The protest made international headlines, and in its wake a committee was formed to evaluate AFSPA; it recommended that the act be made more “humane.” The promised amendment in the law is still pending. In March 2012, the United Nations asked India to revoke AFSPA, calling it undemocratic and draconian. In the newly elected BJP government, a former army chief was appointed as the minister for seven northeastern states under AFSPA.

9. Politics

Women are very poorly represented in the Indian political system, making up only 11 percent in parliament. There is a women’s reservation bill that was passed by the upper house of the Parliament in 2010, but it has been pending with the lower house ever since. If passed, it would ensure a 33 percent reservation for women in parliament.

Unsurprisingly, then, sexist and misogynist remarks by parliamentarians and political leaders never fail to lace debates around gender violence.

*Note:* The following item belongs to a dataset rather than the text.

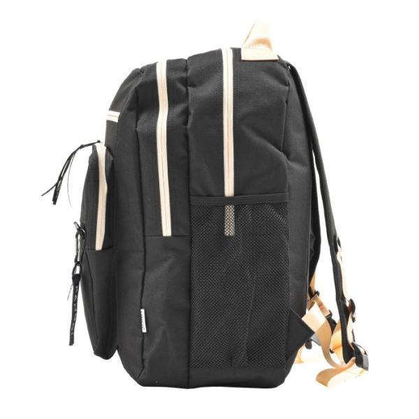 フロント部分にポケット、左右のサイドポケット、サブ・メインと多くのポケットが配置されており、

A minister from the central Indian state of Madhya Pradesh, Babu Lal Gaur, from the BJP, said while discussing Badaun, “Rapes are sometimes right and sometimes wrong.” The head of the ruling party in Uttar Pradesh, Mulayam Singh Yadav, said, “Boys commit mistakes. But should they be hanged for it?” Abu Azmi, a Samajwadi Party leader from the state of Maharashtra, said, “Under Islam, rape is punishable … any woman if, whether married or unmarried, goes along with a man, with or without consent, should be hanged.” Twenty-one percent of the newly elected parliamentarians have serious criminal cases against them, including crimes against women.

10. Laws and reforms

Following the December 2012 gang rape and subsequent mass protests, the Justice Verma Committee was formed to review rape laws. Among its recommendations were police reforms and rehabilitative measures for survivors. The committee also insisted on the need for gender sensitization of the police, dominated by male officers and governed by archaic colonial laws, and for the recruiting of more women officers. In September 2012, a low-caste woman from the northern state of Haryana was gang-raped. In April 2013, she was imprisoned for 10 days on charges of perjury. She had withdrawn her statement against the rapists because of an economic boycott by the upper-caste council on her family. Her family members worked as agricultural laborers. With no financial help from the government, she and her family, who were dependent on the upper-caste landowners for their livelihood, had to withdraw the case in exchange of employment. According to the National Commission for Women, a rape survivor receives up to 200,000 rupees (US$3,350) within a period of one year of filing a police report. This amount is too little and comes too late to fight a never-ending legal battle against rapists. The conviction rate in rape cases across India is an abysmal 26 percent.